-- YOUR INSTRUCTIONS --
An exact copy of all the data is the expected answer.

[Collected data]
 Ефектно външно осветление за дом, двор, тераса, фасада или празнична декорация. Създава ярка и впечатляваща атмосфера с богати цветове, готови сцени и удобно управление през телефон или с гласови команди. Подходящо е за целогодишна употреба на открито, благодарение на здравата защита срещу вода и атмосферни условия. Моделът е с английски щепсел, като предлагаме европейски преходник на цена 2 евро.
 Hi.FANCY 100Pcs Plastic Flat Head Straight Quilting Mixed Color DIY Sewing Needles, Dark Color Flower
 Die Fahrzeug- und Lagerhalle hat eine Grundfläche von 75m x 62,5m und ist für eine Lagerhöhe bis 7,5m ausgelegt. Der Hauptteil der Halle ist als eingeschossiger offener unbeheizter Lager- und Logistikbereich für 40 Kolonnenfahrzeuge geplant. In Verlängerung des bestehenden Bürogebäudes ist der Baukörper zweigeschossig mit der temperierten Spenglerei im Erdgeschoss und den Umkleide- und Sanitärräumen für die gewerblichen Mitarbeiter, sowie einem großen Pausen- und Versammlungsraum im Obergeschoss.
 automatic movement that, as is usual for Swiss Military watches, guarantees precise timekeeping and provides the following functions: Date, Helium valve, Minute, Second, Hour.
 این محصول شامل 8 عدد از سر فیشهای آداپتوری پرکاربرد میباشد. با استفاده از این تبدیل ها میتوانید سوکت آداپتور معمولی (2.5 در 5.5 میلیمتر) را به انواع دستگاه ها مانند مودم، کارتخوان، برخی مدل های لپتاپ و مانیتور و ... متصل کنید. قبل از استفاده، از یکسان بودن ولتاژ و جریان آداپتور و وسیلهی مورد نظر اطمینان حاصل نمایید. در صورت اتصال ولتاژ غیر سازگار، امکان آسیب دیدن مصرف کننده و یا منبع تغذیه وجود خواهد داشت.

-- ANSWER SECTION --
 Ефектно външно осветление за дом, двор, тераса, фасада или празнична декорация. Създава ярка и впечатляваща атмосфера с богати цветове, готови сцени и удобно управление през телефон или с гласови команди. Подходящо е за целогодишна употреба на открито, благодарение на здравата защита срещу вода и атмосферни условия. Моделът е с английски щепсел, като предлагаме европейски преходник на цена 2 евро.
 Hi.FANCY 100Pcs Plastic Flat Head Straight Quilting Mixed Color DIY Sewing Needles, Dark Color Flower
 Die Fahrzeug- und Lagerhalle hat eine Grundfläche von 75m x 62,5m und ist für eine Lagerhöhe bis 7,5m ausgelegt. Der Hauptteil der Halle ist als eingeschossiger offener unbeheizter Lager- und Logistikbereich für 40 Kolonnenfahrzeuge geplant. In Verlängerung des bestehenden Bürogebäudes ist der Baukörper zweigeschossig mit der temperierten Spenglerei im Erdgeschoss und den Umkleide- und Sanitärräumen für die gewerblichen Mitarbeiter, sowie einem großen Pausen- und Versammlungsraum im Obergeschoss.
 automatic movement that, as is usual for Swiss Military watches, guarantees precise timekeeping and provides the following functions: Date, Helium valve, Minute, Second, Hour.
 این محصول شامل 8 عدد از سر فیشهای آداپتوری پرکاربرد میباشد. با استفاده از این تبدیل ها میتوانید سوکت آداپتور معمولی (2.5 در 5.5 میلیمتر) را به انواع دستگاه ها مانند مودم، کارتخوان، برخی مدل های لپتاپ و مانیتور و ... متصل کنید. قبل از استفاده، از یکسان بودن ولتاژ و جریان آداپتور و وسیلهی مورد نظر اطمینان حاصل نمایید. در صورت اتصال ولتاژ غیر سازگار، امکان آسیب دیدن مصرف کننده و یا منبع تغذیه وجود خواهد داشت.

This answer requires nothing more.